The Depth view shows the total size of the options order book over time — the aggregate quantity of contracts resting in the market across all strikes and expirations for the selected ticker. Depth is a measure of market liquidity and participation.

A thick, deep book means the market is well-supplied with two-sided liquidity. A thin book means participants have pulled quotes and the market is more fragile.

Reading the Chart

The y-axis shows total order book depth (in contracts). The x-axis is time. The line tracks how depth has evolved through the session.
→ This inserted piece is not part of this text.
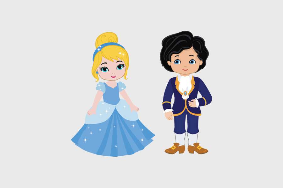 Αυτοκόλλητο τοίχου από βινύλιο που απεικονίζει μια πριγκίπισσα και έναν πρίγκιπα.
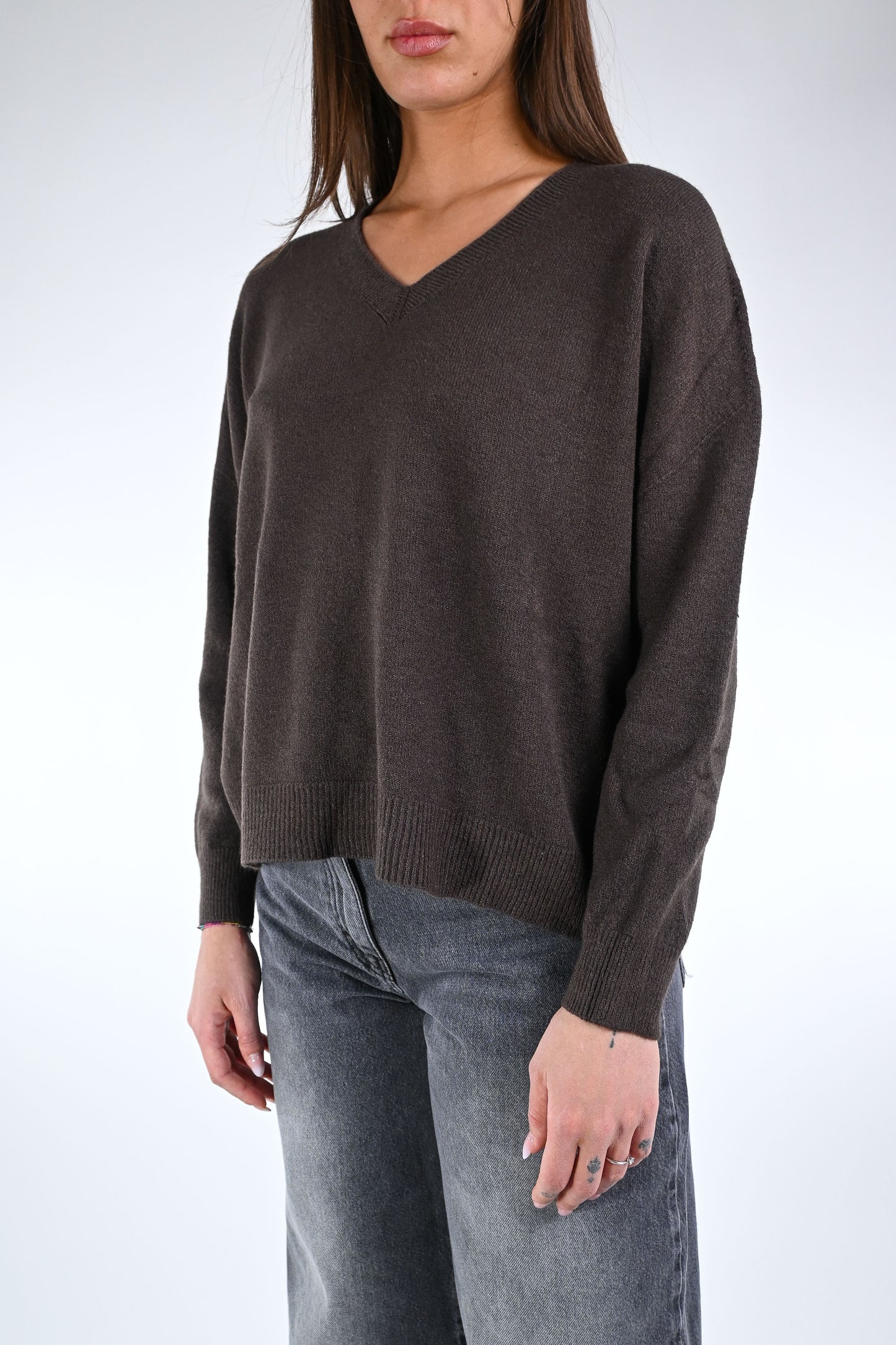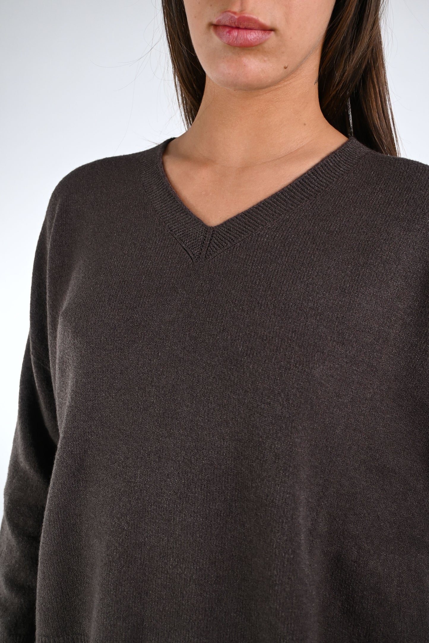 HAVEONE - MAGLIA OVER SCOLLO V ART.MMG-P353 - CACAO

What changes in depth can signal:

  • Depth rising — Liquidity improving; market makers are posting larger quotes. Often occurs when volatility settles and dealers are comfortable providing more size.
  • Depth falling — Liquidity withdrawing. Can precede or accompany sharp moves as dealers reduce exposure. A sustained drop in depth with rising vol is a warning sign.
  • Sudden depth collapse — Dealers pulling quotes rapidly, often in response to an order flow event or incoming news.

Spot Overlay

The Depth view includes an overlay of the underlying spot price on a secondary axis. This lets you directly compare order book depth to underlying price action — for example, seeing whether depth collapses precisely when spot breaks a level.

Depth Curvature

The Depth Curvature toggle adds a secondary line showing the curvature of the depth profile. This reflects how evenly distributed the liquidity is across strikes — whether the book is concentrated near ATM or spread across the surface.

Note

Depth reflects the total resting size in the order book and is not a direct measure of directional flow. A deep book does not imply buying or selling pressure — only that quotes are posted.

GEX Overlay

The GEX toggle adds a Gamma Exposure overlay, showing the estimated net gamma positioning of market makers across the surface. Positive GEX indicates dealers are net long gamma; negative GEX indicates net short gamma.

Dealers who are short gamma must buy into rallies and sell into declines to stay delta-neutral — which can amplify underlying moves. Dealers who are long gamma do the opposite, providing a natural dampening effect on price action.